What Is a Vector?

A vector is an ordered list of numbers.

2D vector — an arrow on a plane

[3, 4] means move 3 in x, 4 in y. Like saying "3km east, 4km north" on a map.

Distance between two vectors tells you "how far apart," angle tells you "how similar in direction." This angle-based similarity is cosine similarity.

3D vector — a point in space

[3, 4, 2] is a point in 3D space. Just x, y plus a z-axis (height). Distance and angle calculations work the same as 2D.

Up to here, humans can see it directly. 2D on paper, 3D with tools like Three.js that let you rotate the view.

High-dimensional vectors — the space of meaning

[0.023, -0.15, 0.41, ..., -0.33] — 1536 numbers. You can't see this anymore.
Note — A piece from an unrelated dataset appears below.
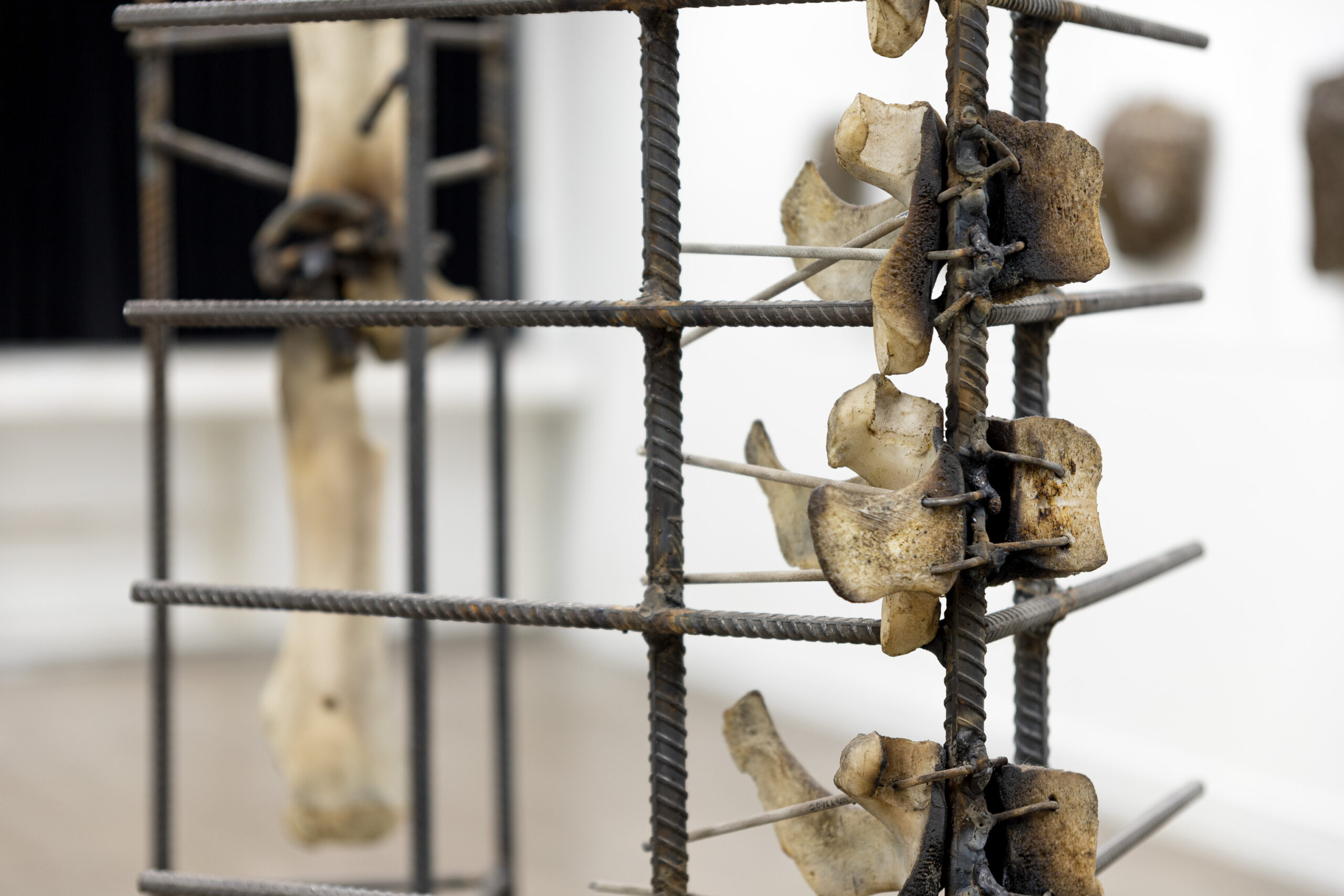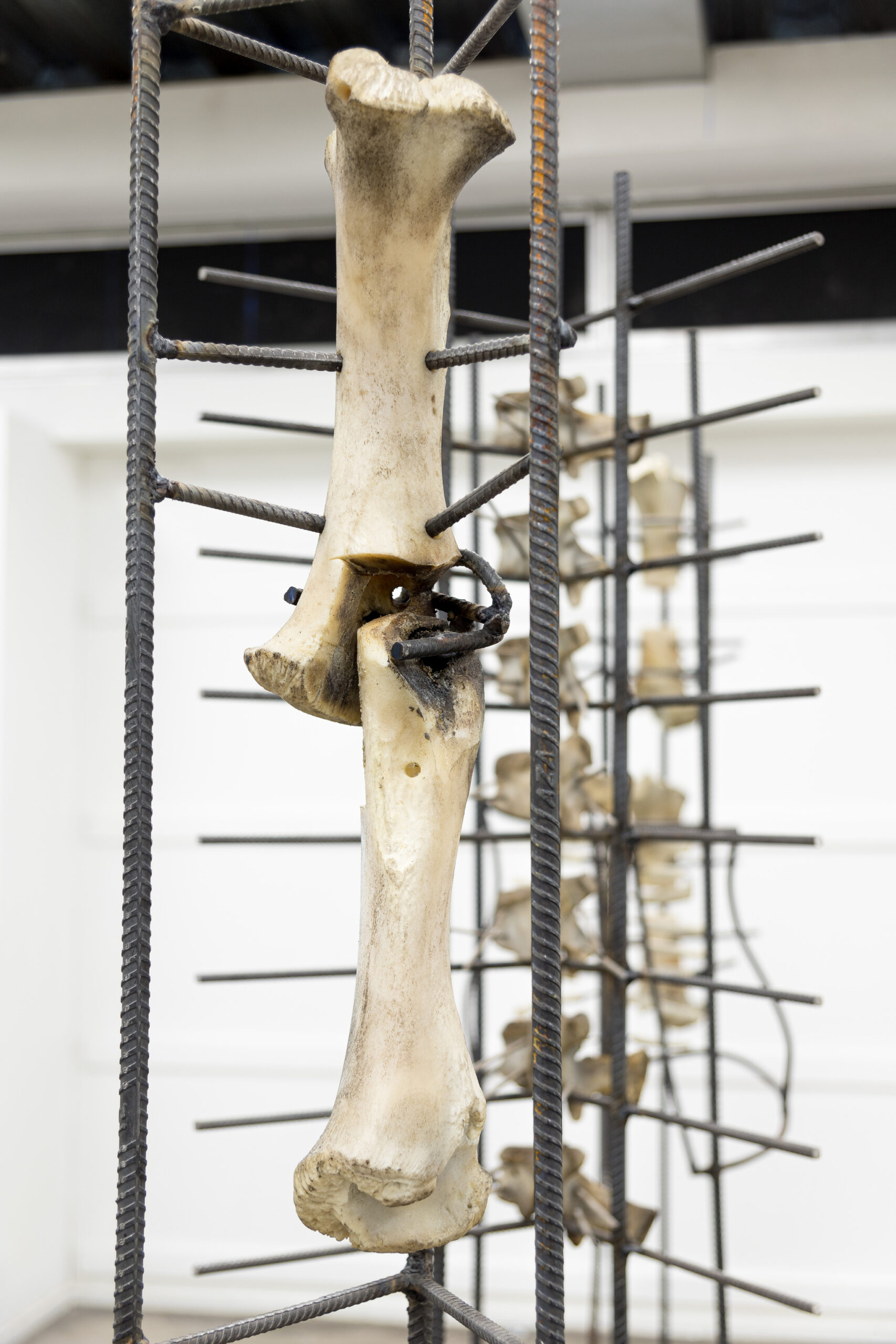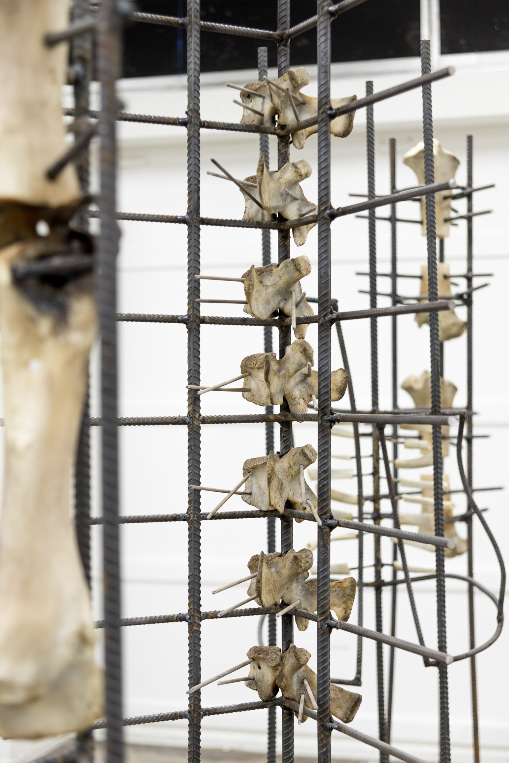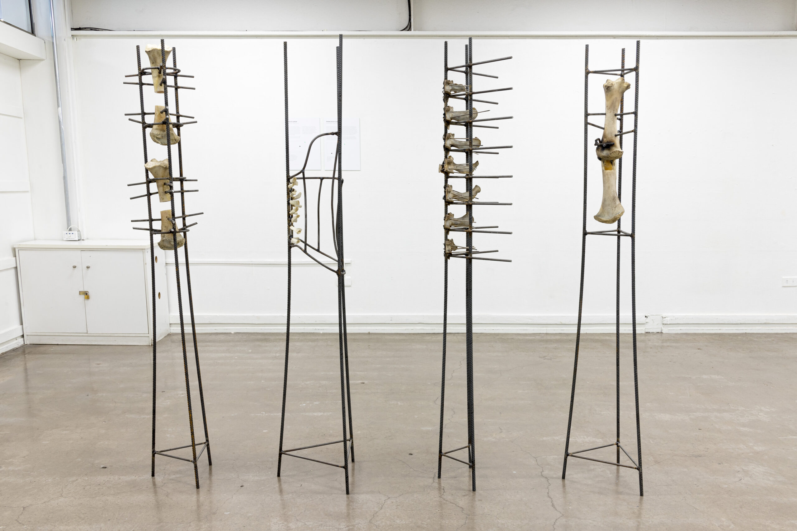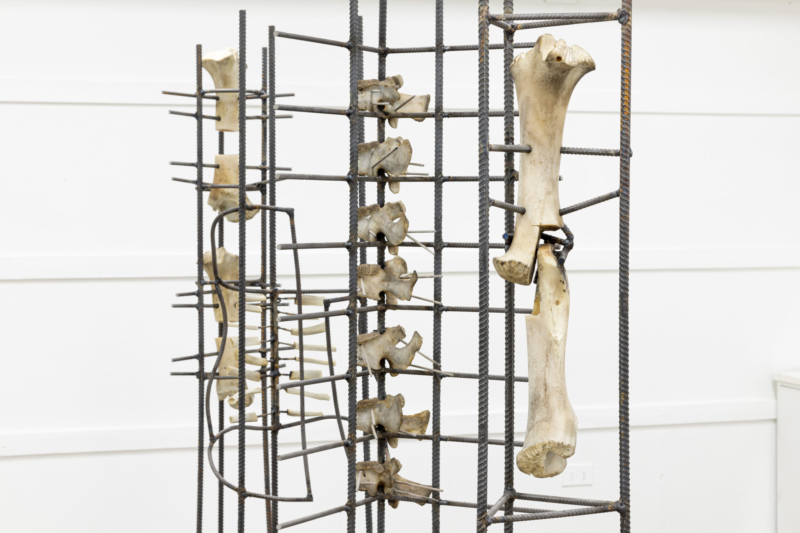 IGNACIO CERDA, Reparación Estructural , serie de cinco esculturas con fierro estriado (Barras de acero) y hueso de animal (Costillas de cerdo y vértebras y fémures de vacuno) junto con tornillos, abrazaderas, tubos de goma transparentes y electrodos, dimensiones variables, 2024.

But the math doesn't change. The formula for distance between two points in 2D works identically in 1536D. More dimensions, same principle: close means similar, far means different.

Why 1536 dimensions in AI embeddings? Simple — 2-3 dimensions can express "cat and dog are similar" but not nuances like "Persian cats are luxurious while stray cats are rugged."

Visualizing high dimensions

You can't see 1536D directly, but you can "compress" it to 2D/3D.

t-SNE: Projects to 2D keeping nearby points close and distant points far. Great for spotting clusters.

UMAP: Faster than t-SNE, better at preserving global structure. Good for large datasets.

PCA: Keeps the 2-3 axes with the most information, discards the rest. Fastest but loses the most information.

If the compressed visualization shows "similar images clustered together," the embedding is working.

Why it matters for RecSys

Almost every RecSys technique boils down to "computing distance between user vectors and item vectors." Understand vectors and you'll see that Matrix Factorization, Two-Tower, and embedding-based search all share the same foundation.